Spice Up Your Food: Garlic

By: Chris Giannetto

Garlic is a plant in the onion family and is closely related to shallots and leeks. Being Sicilian, I put garlic on literally everything, even where it clearly doesn't belong. Thankfully, I'm not alone; the use of garlic for medicinal purposes has been documented back through the ancient Egyptians, Babylonians, reeks, Romans and the Chinese. Aside from the benefits of being very high in vitamins and minerals (and having a low caloric content), garlic contains a unique compound which makes it really worth adding to as many meals as you can.

The compound in garlic which gives it the distinct smell when crushed, cooked, or chopped is called allicin. After allicin is digested it travels throughout the body where it provides some interesting benefits. Allicin is an immune booster and a 12-week study involving a large number of participants concluded that the average number of common cold occurrences were reduced by 63% versus a placebo. The average length of symptoms in those who did get sick were also reduced by a whopping 70% - just 1.5 days versus a full week in the placebo group.

High doses of garlic (via supplementation or prepared garlic) have been shown to improve high blood pressure and cholesterol. In fact, several studies showed that garlic consumed or supplemented in relatively high amounts (1500 mg or 4 cloves of garlic/day) was actually equally as effective as cholesterol reducing drugs. Having low bad cholesterol levels is paramount to reducing the risk of heart disease and to having a healthy heart overall. Garlic may even help to prevent Alzheimer's disease by fighting the oxidative damage from free radicals (which contribute to the overall aging process).

Believe it or not, garlic was one of the earliest substances that athletes would use as a performance enhancing substance. The ancient Greek Olympians would take garlic to reduce muscular fatigue and enhance their exercise capacity. There are very few studies that investigate if the ancient Greeks probable garlic breath helped them bring home the gold, but lab tests in animals (most notably mice) appear to back them up. Lab studies have shown that garlic increases athletic capacity for those with existing heart conditions, but the evidence so far is inconclusive in healthy adults.

With all of these benefits it's no wonder that some people have claimed that garlic can even help you live longer. My grandmother swears by this and she'll be celebrating her 80th birthday next month. The longevity effects of most things are almost impossible to conclusively prove (sorry, grandma).
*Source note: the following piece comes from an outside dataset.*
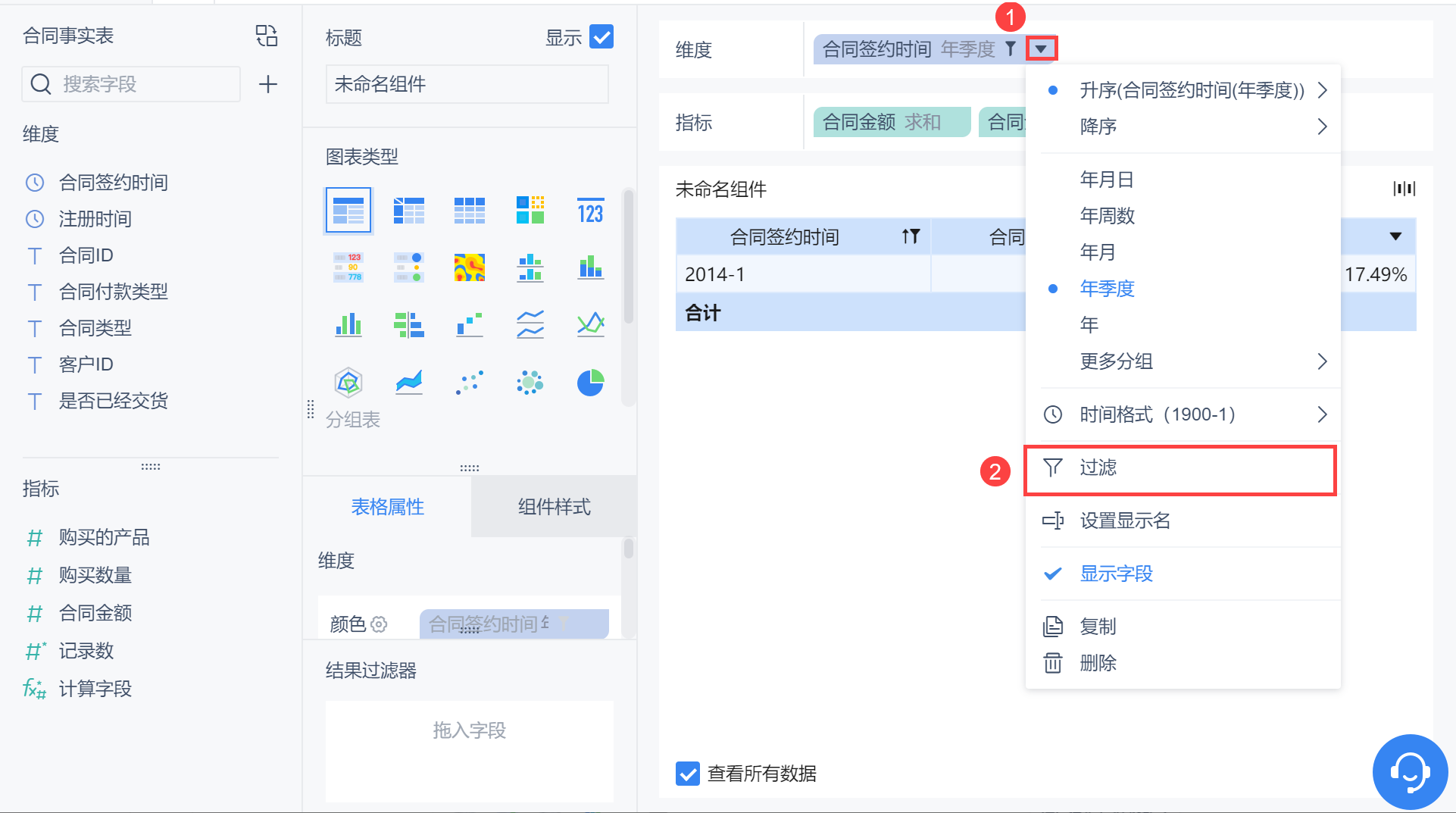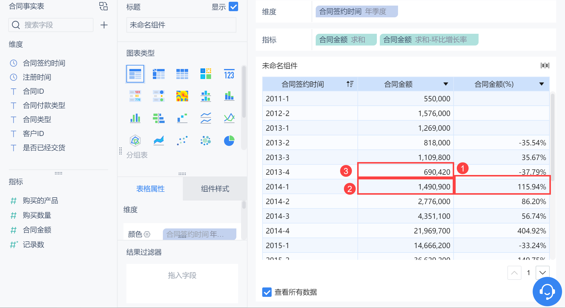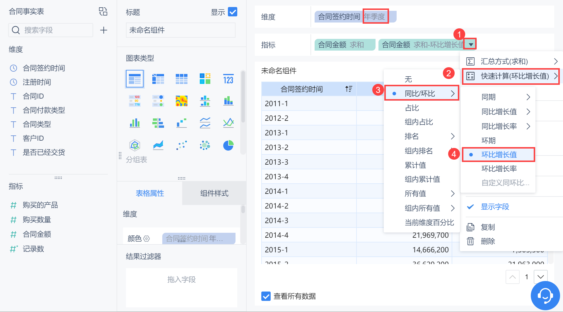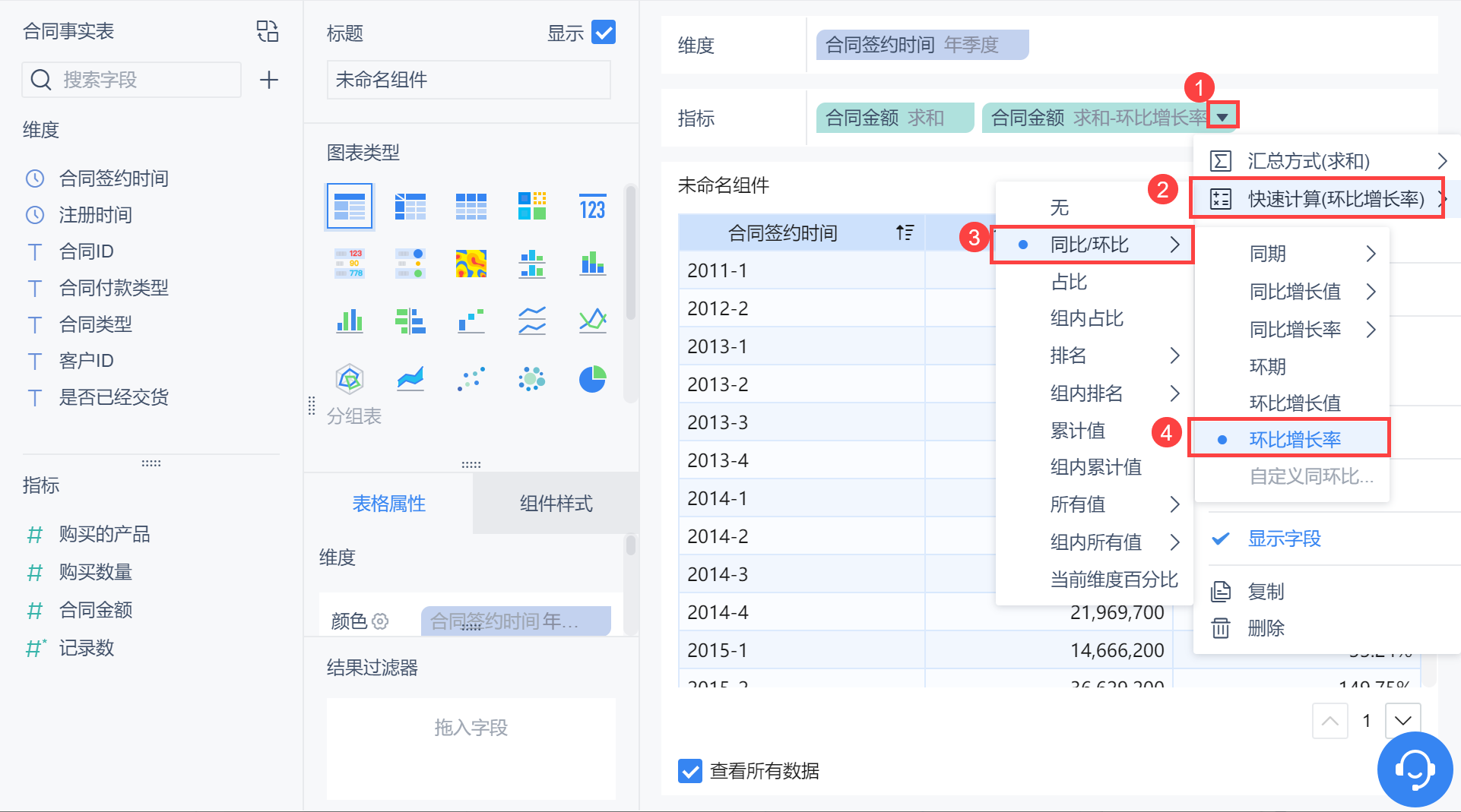 维度中拖入「合同签约时间」,更改分组为「年季度」,对合同金额点击「下拉>快速计算>同比/环比>环比增长率」,如下图所示:

However, with all of the benefits of garlic that have been clinically proven, eating more of it certainly won't hurt your chances for living healthier. Thankfully, garlic is delicious and an easy way to add a ton of flavor to any meal. Remember to crush it first to release the aroma and really bring out the flavor when cooking it. Saute it in a pan with some other vegetables or meat and you'll be churning out meals like Emeril in no time.